True, they drink our blood and live out their lives on our scalps, and true, they can make a scalp extremely itchy, but head lice, in fact, don't really cause any health problems. The adults are tiny and quick and difficult to spot. A lice infestation is usually identified by the presence of eggs, called nits, which are glossy little things that are glued to the base of hair shafts. Lice prefer clean hair to dirty hair.

Head lice cannot fly or jump; they can't even be carried by pets. There is only one environment that they can live in: the human scalp, and they are passed on from one person to another by direct or indirect (i.e., via a hat or comb) contact. Children in pre-k through to third grade are the most likely to get it, and those with long hair are most vulnerable. It is estimated that between 6 and 12 million U.S. children get head lice in the course of the year.

My kids have gotten lice a couple times; and once, the whole family got it. We were like a pack of monkeys, picking bugs out of each other's fur. There's a special lice-killing shampoo, which is really not shampoo but an insecticide that you apply to your head, and a special extra-fine-toothed comb for picking out nits. And sheets, towels, clothes — everything has to be washed.

But for parents, the biggest threat posed by lice may be this: Public schools in New York, as in most of the country, have a "no-nit policy." If a single nit is found on your head, you go home, and you are not allowed back until you are nit-free.

Last year, when we arrived at school one day, the parents in my daughter's class were detained, and made to wait until their child underwent a lice examination.

There had been no advance warning this time. One child after another was sent away. There was quite a commotion as parents, many of whom were about to go off to work, tried to figure out what to do with their kids. That week, during the peak of the infestation, more than half the kids stayed home.
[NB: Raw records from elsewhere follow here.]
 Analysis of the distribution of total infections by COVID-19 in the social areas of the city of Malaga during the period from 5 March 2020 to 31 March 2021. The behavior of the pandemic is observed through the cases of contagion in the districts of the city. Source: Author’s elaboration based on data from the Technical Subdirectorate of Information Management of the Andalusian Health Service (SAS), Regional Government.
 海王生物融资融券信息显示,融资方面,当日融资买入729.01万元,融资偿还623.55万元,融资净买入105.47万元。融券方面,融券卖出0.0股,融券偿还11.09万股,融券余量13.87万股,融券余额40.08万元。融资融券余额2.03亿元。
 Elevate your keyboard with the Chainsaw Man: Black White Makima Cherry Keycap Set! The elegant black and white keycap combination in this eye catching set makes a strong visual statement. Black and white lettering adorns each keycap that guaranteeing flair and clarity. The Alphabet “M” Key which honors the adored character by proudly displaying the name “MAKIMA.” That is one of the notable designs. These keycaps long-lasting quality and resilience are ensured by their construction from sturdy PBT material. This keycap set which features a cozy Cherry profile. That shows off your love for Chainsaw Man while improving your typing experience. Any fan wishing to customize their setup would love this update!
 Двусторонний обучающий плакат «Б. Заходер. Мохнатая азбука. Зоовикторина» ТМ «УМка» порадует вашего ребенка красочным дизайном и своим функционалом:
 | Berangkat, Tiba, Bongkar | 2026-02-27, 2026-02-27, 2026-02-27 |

And then, finally, there is the stigma of having lice. The Parents' Guide to Head Lice, put out by the New York City Department of Health and distributed to parents by the school, goes to great lengths to assure us that "head lice are not related to poor hygiene." But this stigma is something deep-rooted in our culture. It doesn't help, to begin with, that there are two other types of lice besides head lice — body lice and pubic lice, the former being associated with insufficient bathing and the latter with promiscuous sex. This stigma is even ingrained in the language: A louse (which is the singular of lice, just as mouse is the singular of mice) is a name for a contemptible person, and the root meaning of the adjective lousy is "infested with lice."
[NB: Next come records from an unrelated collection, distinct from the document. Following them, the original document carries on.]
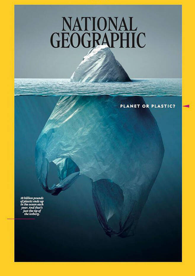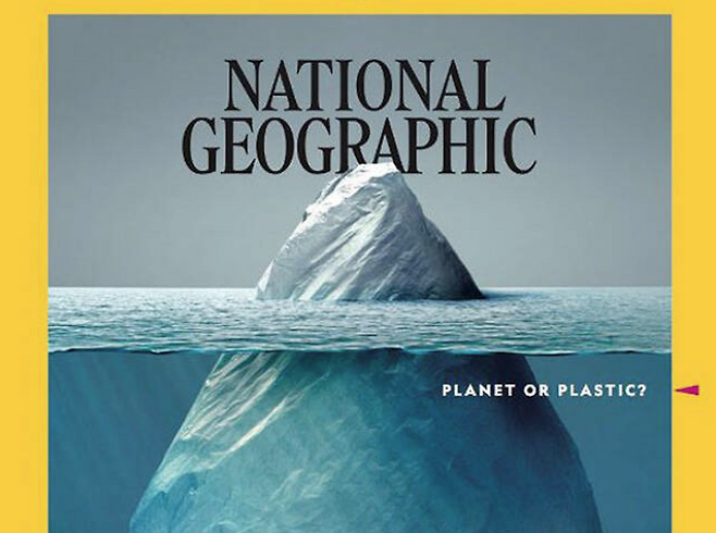 표지에는 "지구냐, 플라스틱이냐(PLANET OR PLASTIC?"라는 문구와 함께 "매년 180억 파운드의 플라스틱이 바다로 흘러 들어간다. 그리고 그것은 빙산의 일각일 뿐"이라고 적혀있습니다. 이 사진은 언뜻 빙산처럼 보이지만, 사실 사진 속 빙산처럼 보이는 부분은 물속에 떠다니는 비닐봉지 쓰레기의 끝부분입니다.
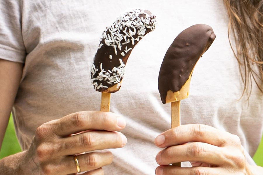 Then dip the bananas in the liquid peanut butter and place in the freezer for about 20 minutes. Now warm the bittersweet chocolate in a water bath and dip or coat the banana with the peanut layer in the chocolate coating. Finally, in the freezer until everything is fixed.
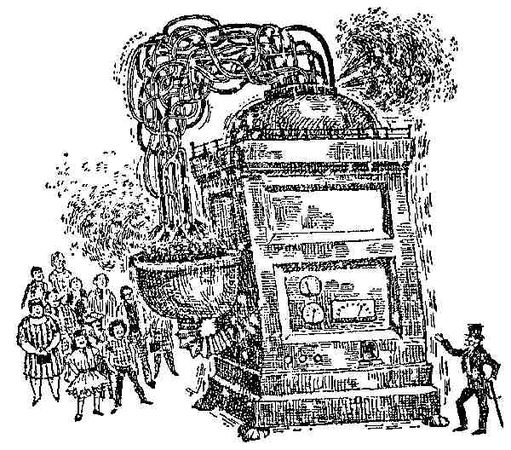 Мистер Уонка подвел всю компанию к гигантской машине, стоявшей в самом центре Цеха Изобретений. Эта гора сверкающего металла возвышалась высоко над головами детей и их родителей, а наверху из нее выходили сотни переплетенных друг с другом тонких стеклянных трубочек, которые, загибаясь книзу, гроздью свешивались над огромным круглым сосудом, размером с большую ванну.
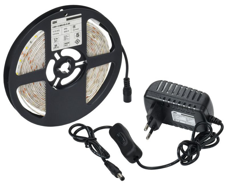 Комплект светодиодной подсветки "Сделай сам" DIY (лента LED 5м LSR-2835W60-4.8-IP65-12В + драйвер + выключатель) IEK 2LSR1-2-060-65-1-05-S1

As it turned out, we were lucky this time. My daughter had a hair inspection every day last week, and passed each time. Others, of course, were not so lucky. One morning I saw Cynthia, a mother of a kindergartner getting off the bus, and she was saying to anyone who listened, "I spent nine hours doing laundry yesterday. I washed everything. And I had to spend $45 (¥5,975) on shampoo. And you know, I don't think she even had lice." 11As a last resort (or first resort, perhaps, for those with money), there are professional "nit pickers," who in New York charge $65 (¥8,775) an hour. On Tuesday, in the midst of the infestation, the mother who sent that second e-mail sent a follow-up. She knew a wonderful woman, who worked for a nit-picking company, but would come to your apartment on the side, for less money, provided that you do not tell the company.
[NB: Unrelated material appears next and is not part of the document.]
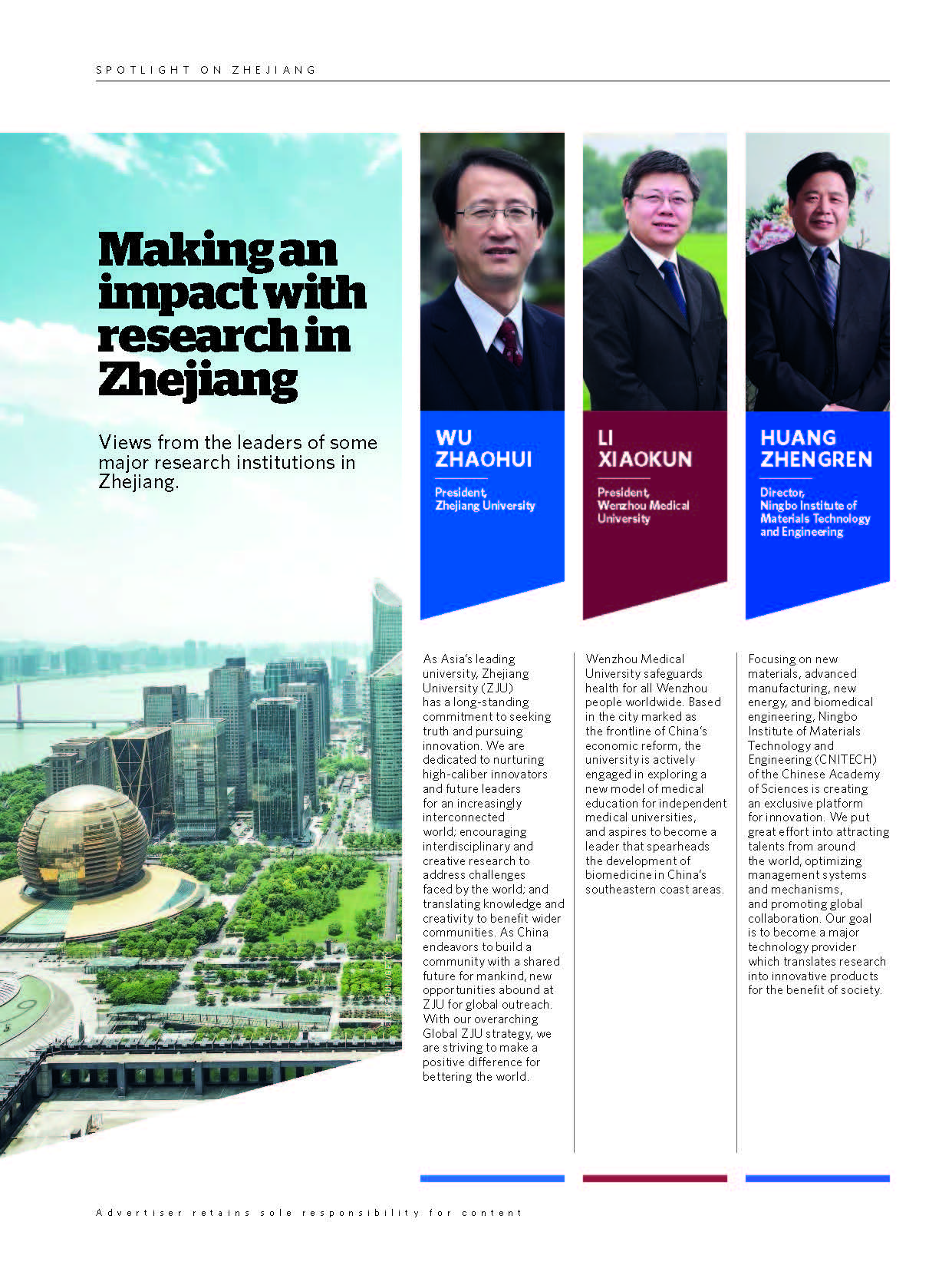 近日,Nature主刊出版“聚焦浙江”(Spotlight on Zhejiang)特刊,重点阐述了浙江省在高科技人才国际竞争中扮演的突出角色。特刊以“锐意进取”(A strong vision for progress)为题,重点介绍了我校的发展历史、办学资源和优势特色学科等。据悉,本期特刊仅刊载了浙江大学、中国科学院宁波材料技术与工程研究所和我校3家单位的相关信息。

Lice, for all their lousiness, have an ancient pedigree: They appear in the Bible as one of the 10 plagues, and mummified lice have been found in the tombs of Pharaohs. Today there are Web sites dedicated to them. So they have spanned the entire range of human civilization. For this reason, I can almost feel a bit of respect for them: All those thousands of years, living just on human scalps, and now thriving in the schools of New York. It looks as if they will be here for a while longer. They are showing increasing resistance to the medicines used against them; the most popular over-the-counter lice shampoo is said to kill fewer than 10 percent of the lice it comes in contact with. The only really effective way of getting rid of them is to pick them off one by one with your fingers, in the same way as they did in the days of Moses.